I've just finished making a bunch of modifications to AutoPSF (and squishing a few bugs along the way). Mostly for my own purposes, but I'm happy to share with anyone who's interested. While it's too big to share on-list, I've tried to keep a fairly comprehensive list of changes in the header (copied below). Please drop me a line if you'd like to try it out. I think it's all working correctly now, but

Cheers,

Tristan

## 1.41 Modifications by Tristan Croll, 8 Feb 2015: tristan.croll_at_qut.edu.au
## - Segment naming system modified so that chain names are maintained. The new scheme is
## {chain}{type}nn, where {type} can be P for protein, W for water, G for glycan,
## N for nucleic or O for other.
## - Will now correctly handle non-linearities in protein chain numbering
## (insertions/deletions). If the resID takes a non-unit step while
## working through a protein chain, an explicit geometric step will
## be carried out to determine if this is a real break.
## - Topologies updated to CHARMM-36. You will need to download the CHARMM-36 topology
## package from http://mackerell.umaryland.edu/charmm_ff.shtml, unpack to a
## directory of your choice, and add the following line either to your .vmdrc file
## or pkgIndex.tcl:
##
## set env(CHARMMFFDIR) "/path/to/CHARMM"
##
## Note: depending on your version of VMD and NAMD you may need to replace
## toppar_water_ions.str with the toppar_water_ions_namd.str available from the
## MacKerell lab.
##
## At present I load the following topology files:
## - top_all36_prot.rtf
## - top_all36_lipid.rtf
## - top_all36_na.rtf
## - top_all36_carb.rtf
## - top_all36_cgenff.rtf
## - stream/toppar_all36_carb_glycopeptide.str
## - toppar_water_ions.str
##
## This is sufficient to allow all the NBFIX terms at the end of the toppar_water_ions.str
## to be uncommented without leading to a fatal psfgen error.

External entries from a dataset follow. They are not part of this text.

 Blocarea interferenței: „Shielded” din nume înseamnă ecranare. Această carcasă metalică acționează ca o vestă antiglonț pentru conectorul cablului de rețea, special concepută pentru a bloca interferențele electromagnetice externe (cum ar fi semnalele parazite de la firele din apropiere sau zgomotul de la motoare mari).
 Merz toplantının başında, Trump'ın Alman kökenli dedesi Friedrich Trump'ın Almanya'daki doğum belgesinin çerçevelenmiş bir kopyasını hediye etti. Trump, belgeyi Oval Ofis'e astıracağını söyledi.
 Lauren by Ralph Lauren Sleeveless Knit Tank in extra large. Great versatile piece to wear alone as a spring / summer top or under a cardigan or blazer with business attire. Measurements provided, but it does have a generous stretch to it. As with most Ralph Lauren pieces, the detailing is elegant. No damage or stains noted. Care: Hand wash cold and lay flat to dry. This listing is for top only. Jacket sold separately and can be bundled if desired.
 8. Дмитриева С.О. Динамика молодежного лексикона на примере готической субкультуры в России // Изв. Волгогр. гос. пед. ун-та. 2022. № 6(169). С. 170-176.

I highly recommend you do this.
## - Regenerate angles dihedrals (variable regenall) is now on by default. This is needed

## because CHARMM-36 no longer defines these in its patches.

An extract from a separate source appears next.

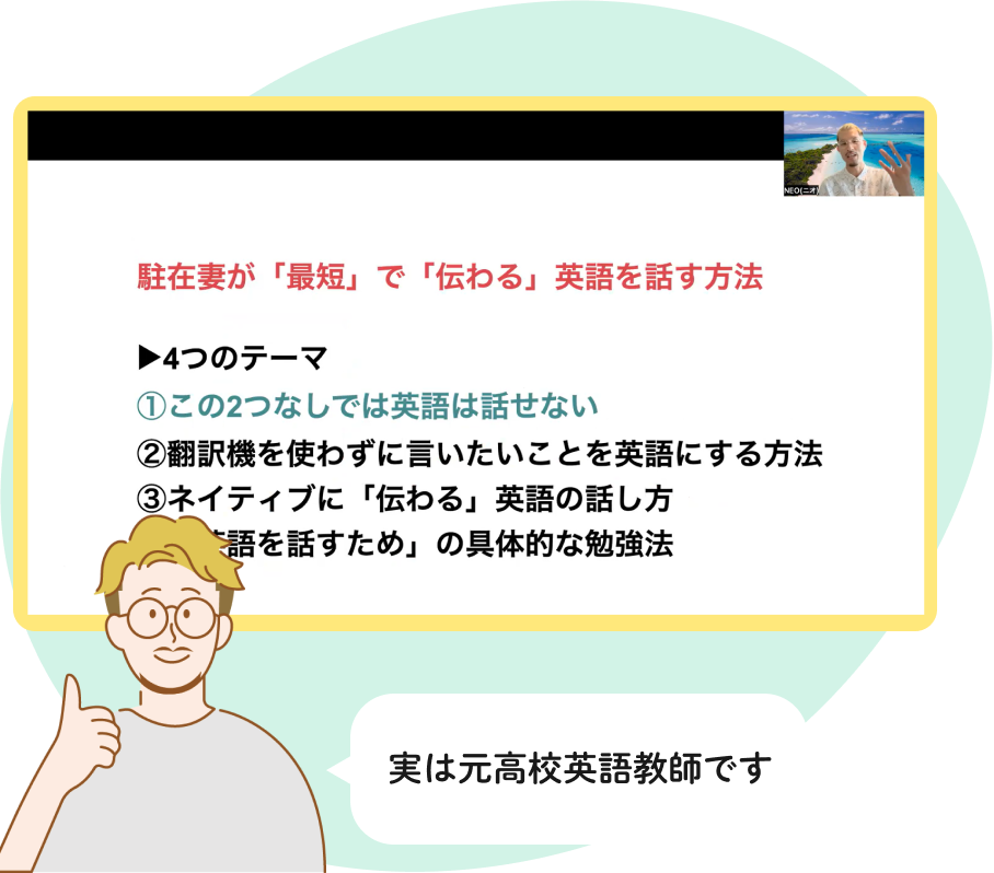 「英語が話せたらもっと駐在生活を楽しめるのになぁ」と思い悩む駐在妻を、3年間で150人以上を救い続けてきたNEO先生。英語力ゼロや英語アレルギーの駐在妻を対象に、たった3ヶ月で"ペラペラではないが"英語が話せるようになるレッスンを現在も実施中。(レッスン満足度は95%超え)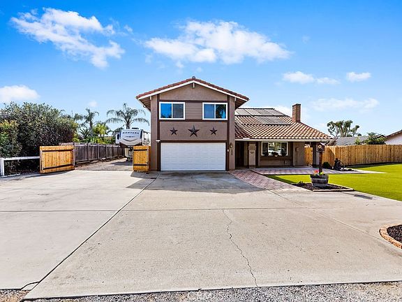 THIS IS THE ONE... calling all RV, BOAT & CAR enthusiasts ... stunning rambler located in the highly sought after community of Jeffries Ranch... FULLY PAID SOLAR... 4 bed / 3 bath / 2,564 sq.ft / 15,500 sq.ft lot... beautifully upgraded... open floorpan, living & dining room w/vaulted ceilings & slider doors... extra windows... 2 fireplaces... gourmet kitchen w/extra cabinet space... 1 bed / 1 bath downstairs... large primary bedroom w/double door entry... custom built bath & closet... extra large upstairs family room / movie room / bonus space... and wait til u see the backyard... entertainers delight... sparkling pool & spa... fire pit...3 pergolas, bar, sitting area w/still more room to spare... 2 car spacious garage... side yard can fit an RV, boat and truck... property if fully fenced... LOW TAXES, no HOA... located near the 394 acre Guajome Regional Park... paved bike trail extends all the way to the Oceanside beaches, walking trails, close to shopping and hwy 76... this home is a must see!!!

## - Will now handle the basic N-linked glycans (NAG, MAN, BMA, FUC), and addition of other
## glycan residues should be straightforward. This was surprisingly challenging, since unlike
## protein chains, there is no requirement for glycan residues to be grouped in any logical
## arrangement (or even grouped at all!) in a PDB file. Since the main autopsf proc requires
## each segment to be a contiguous block of indices, I had to implement a new proc,
## ::autopsf::preformat_pdb, that breaks the input pdb file down into protein, water, ions,
## glycans and others, sorts and names the glycans into bonded groups, and writes a new input
## PDB file. All sugar residues that are bonded to each other should now fall into their own
## segment.
## Some caveats:
## - You will of course need to be using the CHARMM-36 or later forcefield,
## and have both top_all36_carb.rtf and toppar_all36_carb_glycopeptide
## in your topology list.
## - For the time being I have stuck with the traditional 4-character resname limit. This
## means some editing of top_all36_carb.rtf is needed since it's done away with this restriction.

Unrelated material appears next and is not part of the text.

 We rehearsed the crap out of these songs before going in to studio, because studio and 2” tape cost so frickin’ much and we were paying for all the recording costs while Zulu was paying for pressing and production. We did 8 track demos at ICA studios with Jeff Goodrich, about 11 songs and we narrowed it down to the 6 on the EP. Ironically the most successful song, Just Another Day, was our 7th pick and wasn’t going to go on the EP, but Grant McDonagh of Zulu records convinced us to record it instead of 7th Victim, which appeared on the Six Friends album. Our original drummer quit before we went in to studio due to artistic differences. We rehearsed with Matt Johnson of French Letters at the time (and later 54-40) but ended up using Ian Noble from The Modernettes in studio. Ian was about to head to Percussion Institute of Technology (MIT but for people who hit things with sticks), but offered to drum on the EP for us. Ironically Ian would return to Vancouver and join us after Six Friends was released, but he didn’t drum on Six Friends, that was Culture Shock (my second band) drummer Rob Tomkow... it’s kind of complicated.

## MAN, BMA and FUC residues are fine as-is (AMAN, BMAN and AFUC in the CHARMM scheme),
## but NAG has become BGLCNAC. I've renamed it to BGLN, which doesn't seem to conflict
## with anything.
## - You will need a new atomselect macro. You could define it here, but I find it far more
## useful to define it in the .vmdrc:
##
## atomselect macro glycan {resname NAG BGLN FUC AFUC MAN AMAN BMA BMAN}
##
## This will of course need to be expanded if you wish to add other glycan residues. Adding others
## will also require updating the pdbalias list in ::autopsf::psfaliases, the regexp entry in
## ::autopsf::split_protein_and_water_pdb, and entries in ::autopsf::make_glycan_patches. In
## the latter, you need to determine which oxygens sit in the alpha (axial) arrangement on your
## residue, and add your resname to the regexp list for those oxygens.
##
##
## - A few bugs have also been caught and fixed:
##
## - The ::autopsf::find_ssbonds proc had an error in its atomselection that would lead to it failing
## to generate disulfides between cysteine residues with the same resid on different chains.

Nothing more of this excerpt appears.